ThePerson654321 OP t1_jbk8kxy wrote on March 9, 2023 at 5:21 PM

Reply to comment by farmingvillein in [D] Why isn't everyone using RWKV if it's so much better than transformers? by ThePerson654321

I'm basically just referring to the claims by the developer. He makes it sound extraordinary:

> best of RNN and transformer, great performance, fast inference, saves VRAM, fast training, "infinite" ctx_len, and free sentence embedding.

> Inference is very fast (only matrix-vector multiplications, no matrix-matrix multiplications) even on CPUs, so you can even run a LLM on your phone.

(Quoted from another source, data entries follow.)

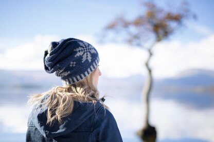 Colourwork goes graphic in this bold hat. Double knitting offers a fresh take on a traditional pattern: since there are no floats to manage, the motifs can be considerably larger, while a double layer of wool offers extra warmth for cold climates. With an innovative construction, knitted seamlessly from a provisional cast-on, Tarradale is fully reversible. A neat swirl crown finishes this hat off to perfection.
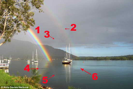 人們幾乎看不清楚第六道彩虹,但是考利博士堅持稱,如果你認真看,你就能看到第六道彩虹。他說:“諾拉的照相機只拍到了第六道彩虹(圖示6)的部分,它是河面的一次反射,雨滴內(nèi)的兩次反射形成的。由于進行了多次反射,其顏色被擴散出去,它的外貌僅依稀可見!(周翔/中國網(wǎng)3月18日訊)
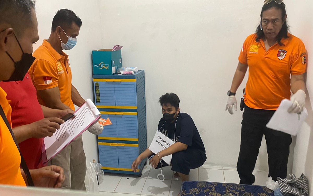 Dalam rekonstruksi ini, Polisi menghadirkan pelaku Ahmad Nasir (22) untuk memperagakan 45 adegan.
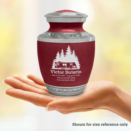 Select Fifth Wheel Camper Sharing Urn - Rose Red to create a personal memorial that is a step larger than a keepsake urn but more petite than a full size urn. Bold, attractive colors offer sharp contrast with the engraved text and detailed artwork.
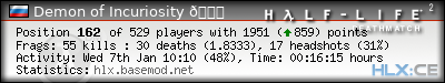 | Rank | Server | Kills | % | Ratio | Deaths | K:D | Headshots | Percentage of Headshots | % | HS:K |
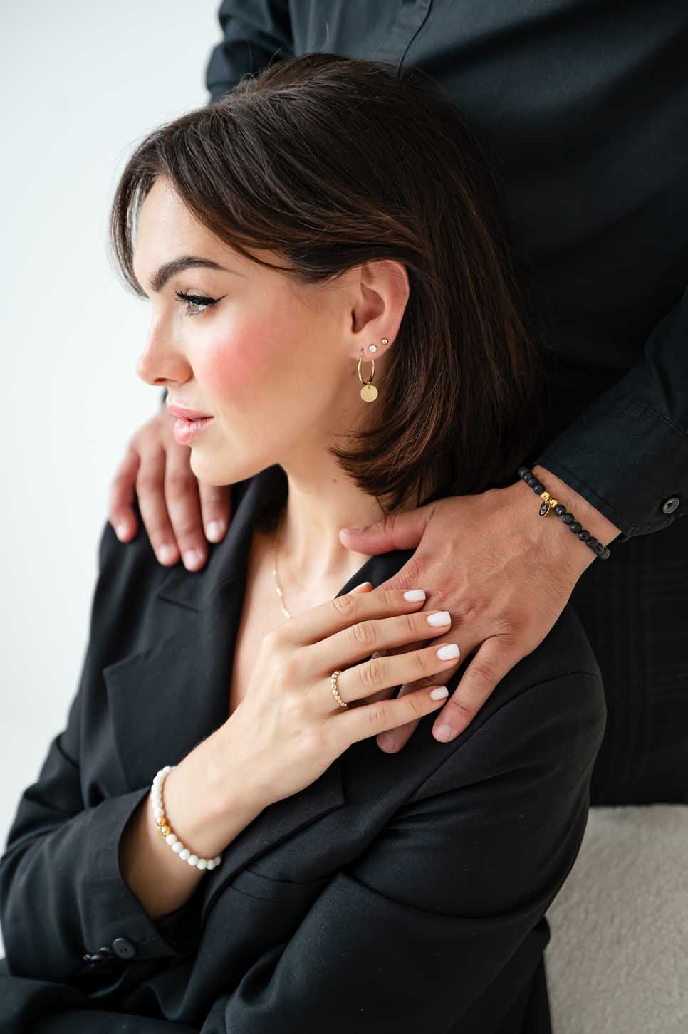 Elegantní a nadčasový náramek z lávových kamenů a stříbra. Kameny mají 6mm.
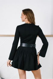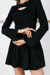 Платье-мини прилегающего силуэта отрезное чуть ниже линии талии, с декоративной прорезью на груди. Выполнено из непрозрачного плательного вискозосодержащего, формоустойчивого трикотажного полотна. Юбка на трикотажной подкладке. Перед лифа с рельефами и кокеткой. Спинка лифа со средним швом и рельефами. Низ лифа оформлен фигурной линией. Кокетка скреплена с передом таким образом, что по левой стороне она спрятана под основной деталью. Юбка-баллон со сборкой по верхнему и нижнему срезу. Рукав расклешенный втачной длинный одношовный с разрезом. Вырез горловины округлый. Застежка на потайную молнию в среднем шве спинки.
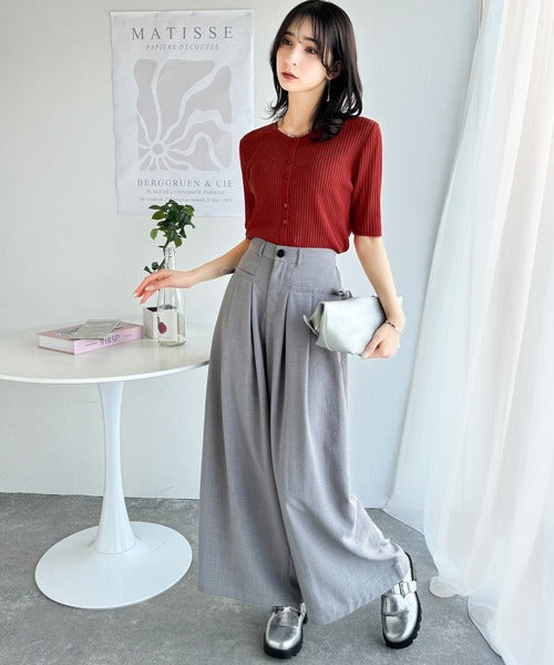 程よいフィット感のリブニットが縦ラインを強調し、スタイルを美しく見せてくれます。
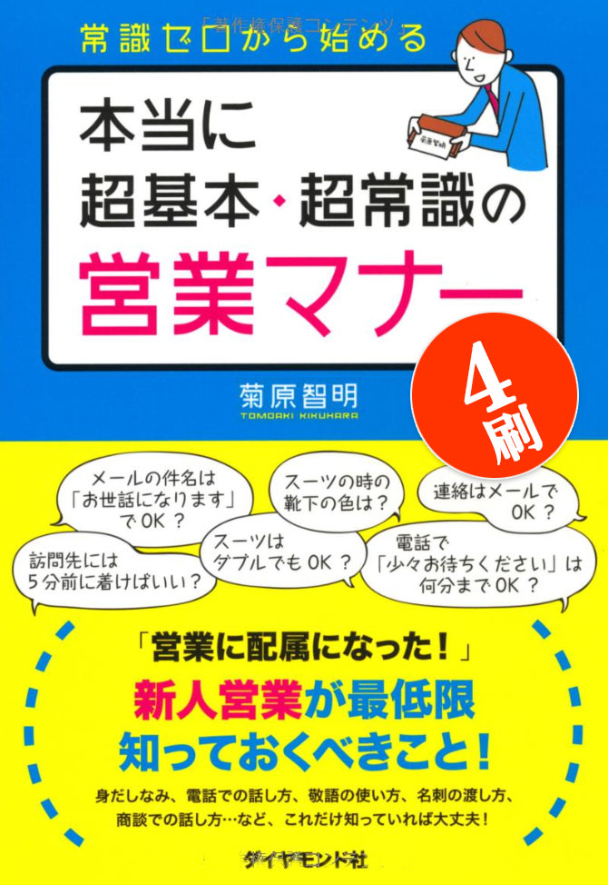 身だしなみ、電話の取り方、名刺の渡し方、敬語の使い方など、雑談にふさわしいテーマは何か、・・など、新人営業が「これだけは最低限知っておくべきこと」を厳選して紹介した本当に使える本です。
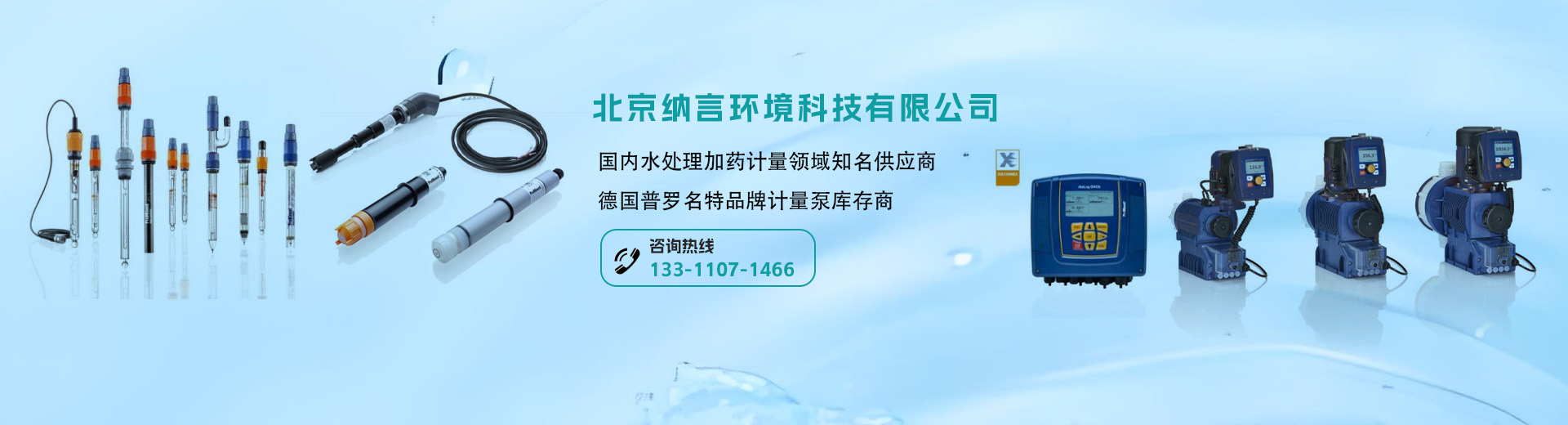 伴随着多年的稳健发展,以代理销售普罗名特产品为主的北京纳言环境科技有限公司服务领域几乎涵盖了所有的水质处理工艺,包括流体计量及输送设备、水质监测设备、水处理消毒设备、粉体溶解设备及相关的配套设施。
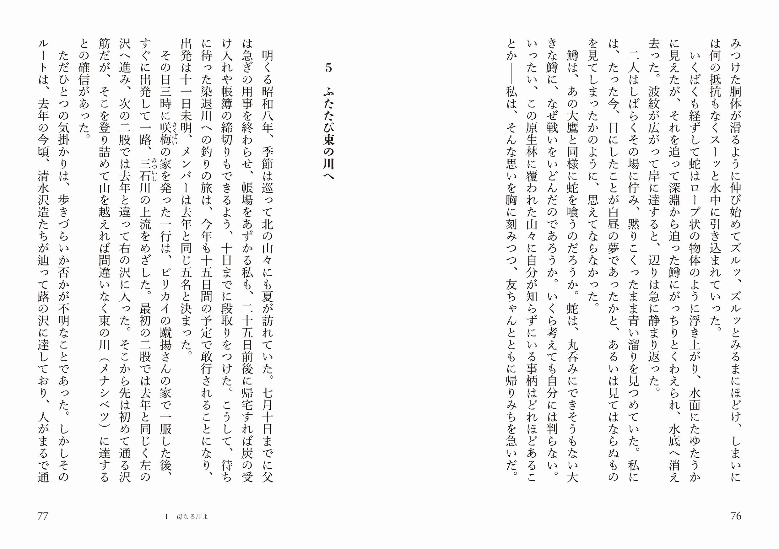 1 母なる川よ 染退川へ/無言の教え/行く人、来る人/自然の戦い/ふたたび東の川へ/鱒の群れ/大きなヤマベ/ペンケホカイ/大水/迷い人

The most extraordinary claim I got stuck up on was "infinite" ctx_len. One of the biggest limitations of transformers today is imo their context length. Having an "infinite" ctx_len definitely feels like something DeepMind, OpenAi etc would want to investigate?

I definitely agree with that their might be a incompatibility with the already existing transformer specific infrastructure.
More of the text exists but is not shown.